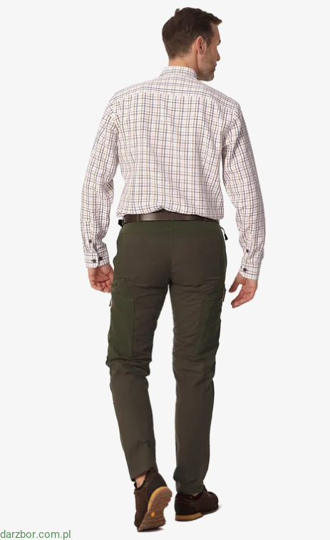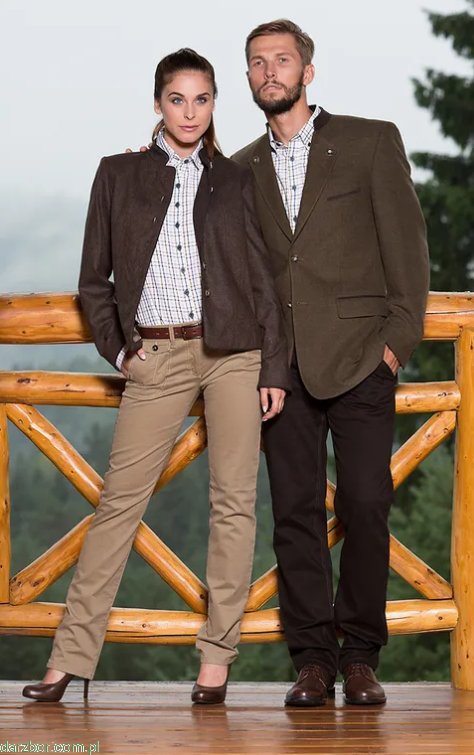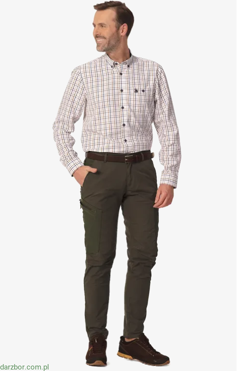 Kołnierzyk i wewnętrzna strona mankietów koszuli z długim rękawem zostały obszyte kontrastową czarną tkaniną. Na lewej piersi znajduje się zapinana na guzik kieszeń z wyhaftowanym logotypem marki. Kołnierzyk jest podpięty guzikami. Mankiety również są zapinane na guziki.
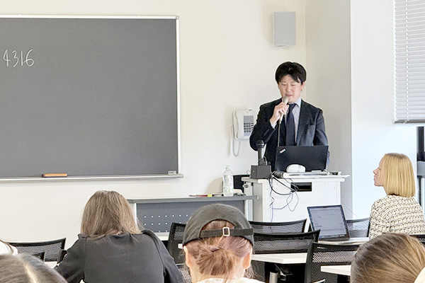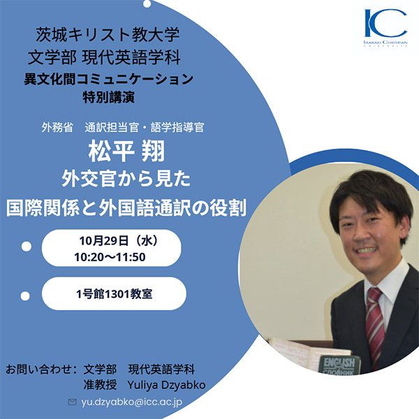 10月29日(水)の『異文化間コミュニケーション』(ジャブコ・ユリア准教授担当)の授業で、松平翔氏(外務省通訳担当官・語学指導官)を特別ゲストにお迎えし、「外交官から見た国際関係と外国語通訳の役割」についてご講演をいただきました。
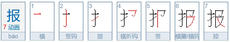 报、服—右旁前两笔笔顺:横折钩、竖
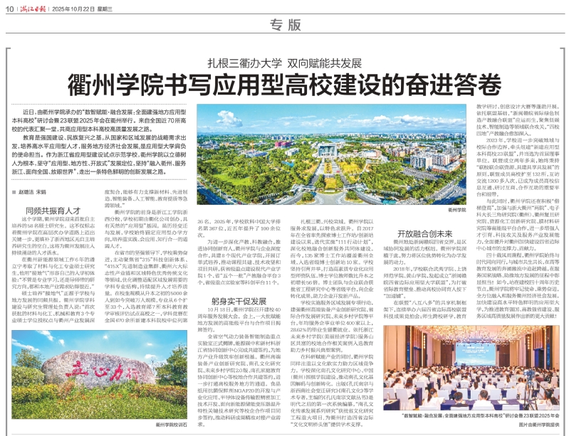 10月22日,《浙江日报》以《扎根三衢办大学 双向赋能共发展 衢州学院书写应用型高校建设的奋进答卷》为题,报道我校高质量发展成果。
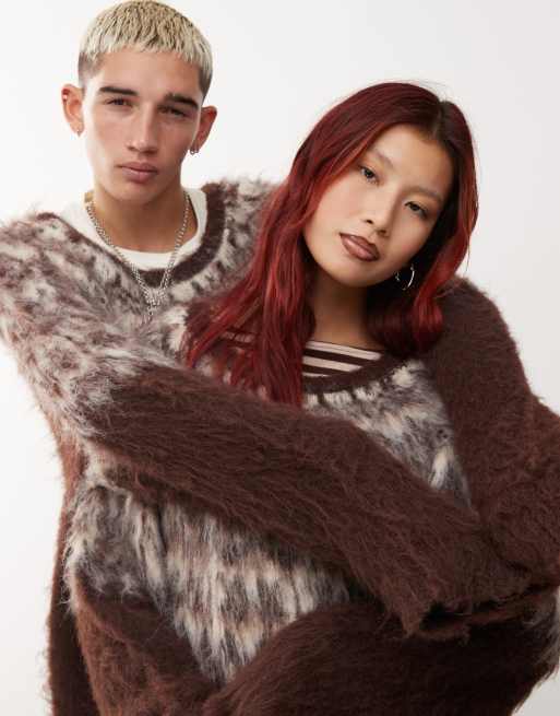 COLLUSION Unisex brushed oversized fair isle jumper in brown
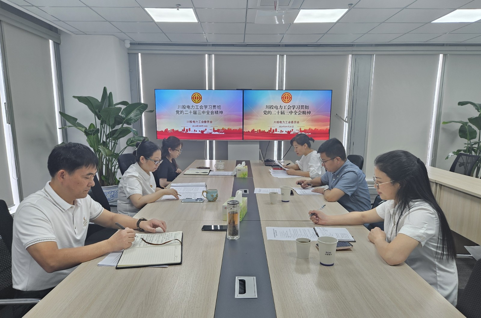 按公司黨委統(tǒng)籌安排和相關(guān)要求,為深入學習宣傳貫徹黨的二十屆三中全會精神,推動全會精神落地落實,9月20日,川投電力工會召開會議,專題傳達學習黨的二十屆三中全會精神。會議由公司黨委副書記、工會主席楊鑫主持,工會委員及相關(guān)成員參加學習。

################

Return exactly, with no pictures, each line from the one that contains "报、服—右旁前两笔笔顺:横折钩、竖" through the end of the entries above, both ends included.

• **Written solution**:
 报、服—右旁前两笔笔顺:横折钩、竖
 10月22日,《浙江日报》以《扎根三衢办大学 双向赋能共发展 衢州学院书写应用型高校建设的奋进答卷》为题,报道我校高质量发展成果。
 COLLUSION Unisex brushed oversized fair isle jumper in brown
 按公司黨委統(tǒng)籌安排和相關(guān)要求,為深入學習宣傳貫徹黨的二十屆三中全會精神,推動全會精神落地落實,9月20日,川投電力工會召開會議,專題傳達學習黨的二十屆三中全會精神。會議由公司黨委副書記、工會主席楊鑫主持,工會委員及相關(guān)成員參加學習。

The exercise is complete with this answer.